This debut publication, seven years in the making, unravels like a dream suspended in perpetual motion. It offers no clear start or finish, drawing the reader into its pulsating core, where weightless figures grapple with their internal soliloquies. Through life-size clippings, each frame invites not just observation but participation—a subtle but deliberate manipulation of the voyeur into performer.
Here, the boundaries blur. Photographer and choreographer become indistinguishable; reader and performer coalesce. It is a dialogue, raw and unvarnished, where every turn of the page becomes a step in an unchoreographed waltz. Writer Maisie Skidmore lends her voice to this symphony of stills, her poetry threading through the sinew of each act—a ghostly whisper in a hall of echoes. Enveloping this treasure is a tactile sheath, adorned with the imprints of its creators: Connor Scott, Courtney Deyn, Edd Arnold, Harry Ondrak-Wright, Joey Barton, Max Cookward, Oscar Jinghu Li, Owen Ridley-DeMonick, and Will Thompson. These hands, captured mid-expression, shield the book—or perhaps, they cradle it.

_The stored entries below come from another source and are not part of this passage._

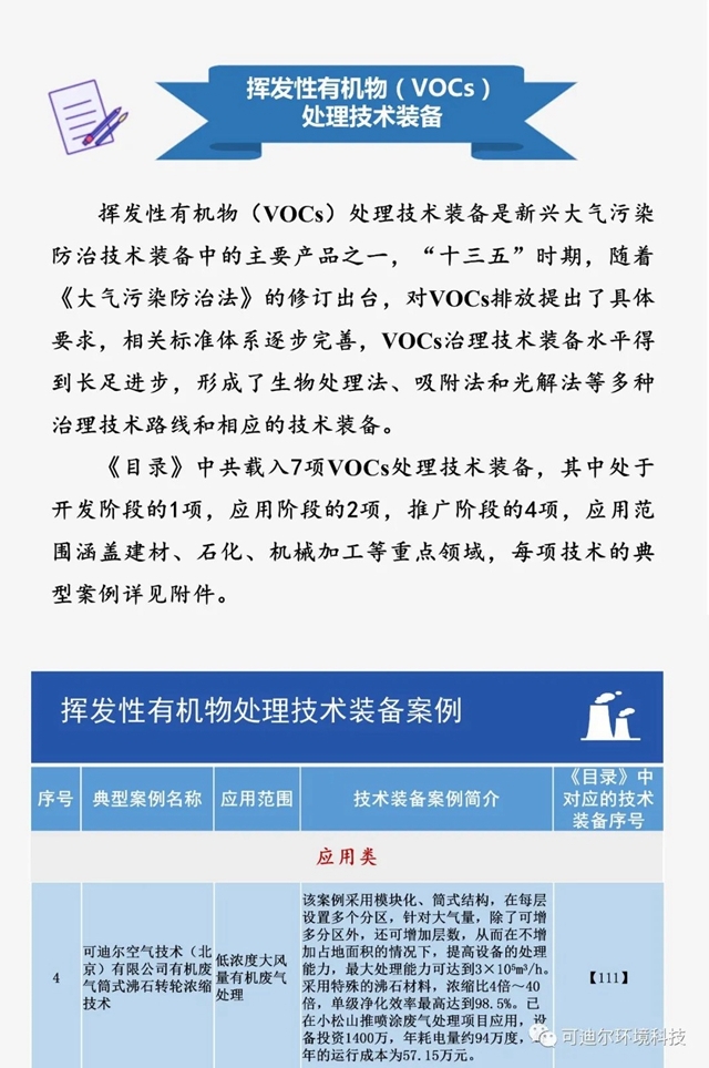 2021年2月25日,中華人民共和國工業(yè)和信息化部發(fā)布《國家鼓勵發(fā)展的重大環(huán)保技術(shù)裝備目錄(2020年版)》供需對接指南之五:揮發(fā)性有機物處理技術(shù)裝備典型案例,《目錄》中共載入7項VOCs處理技術(shù)裝備,分別為開發(fā)階段的1項,應用階段的2項,推廣階段的4項。其中,可迪爾有機廢氣筒式沸石轉(zhuǎn)輪濃縮技術(shù)典型案例錄入應用階段。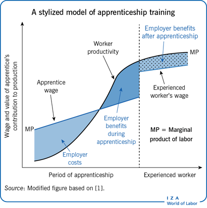 - The mix of activities the apprentice does and the duration of the training period. The share of time spent in the on-the-job component doing firm-specific and productive activities increases benefits to employers in the short run. However, firms can also benefit from investing in more general skill training if that learning leads to greater productivity increases over time.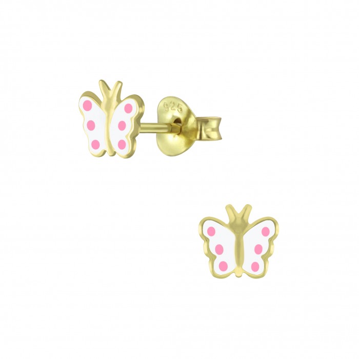 Boucles d'oreilles papillons blancs points roses en argent 925 à vis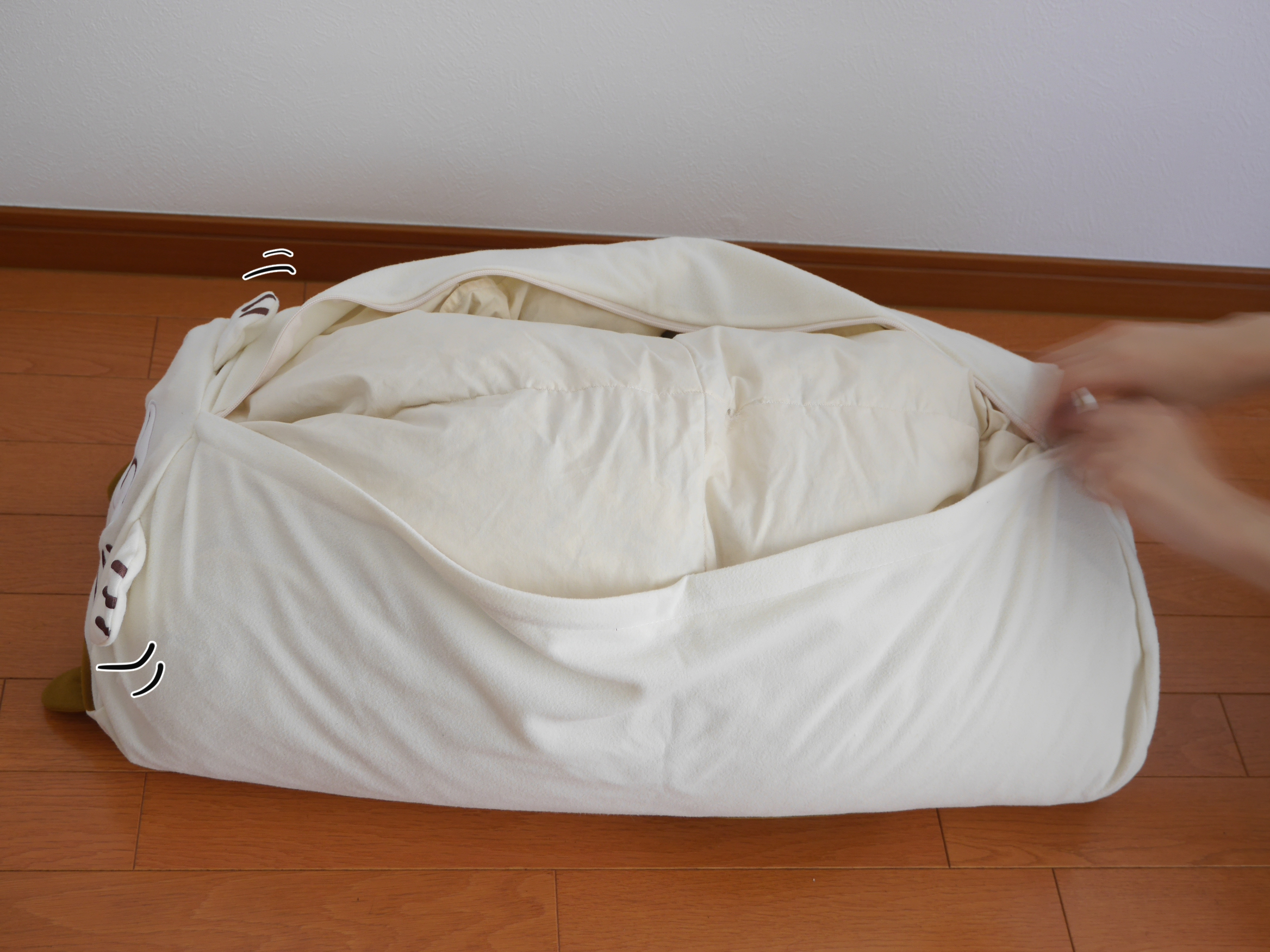 四つ折りにした羽毛布団をクルンクルンに巻いておなかにイン。この作業でぶちクンが出現し、なおかつ押入れのスペースがあくシステム。最高。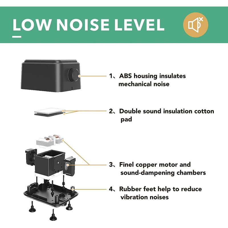 - 【Low Noise Level】: ABS thick shell and sealed inner baffle greatly reduces noise, while the soft rubber foot pad can effectively cushion the vibration produced by the motor

Falling Leaves does not merely document; it devours, exhales, and transmutes. It is a hallucinatory tribute to dance, a fever dream where euphoria and vulnerability coexist. Phung’s lens does more than capture—it speaks, and in its language, we are all complicit.
To hold this book is to hold a piece of the ineffable. Each page drips with the tension of unspoken truths, urging the reader to move beyond passive consumption and into the realm of introspection. The weightless figures, caught mid-motion, remind us of our shared fragility, yet they also exude an undeniable strength—a paradox that defines the human experience.
The collaboration between Phung, the performers, and the writers transforms Falling Leaves into something more than a book. It is a testament to the power of collective creation, a visceral reminder that art is not just to be seen but felt. From the subtle curve of a dancer’s hand to the explosive energy of a leap frozen in time, every image pulses with life—an invitation to lose oneself and find something deeper within.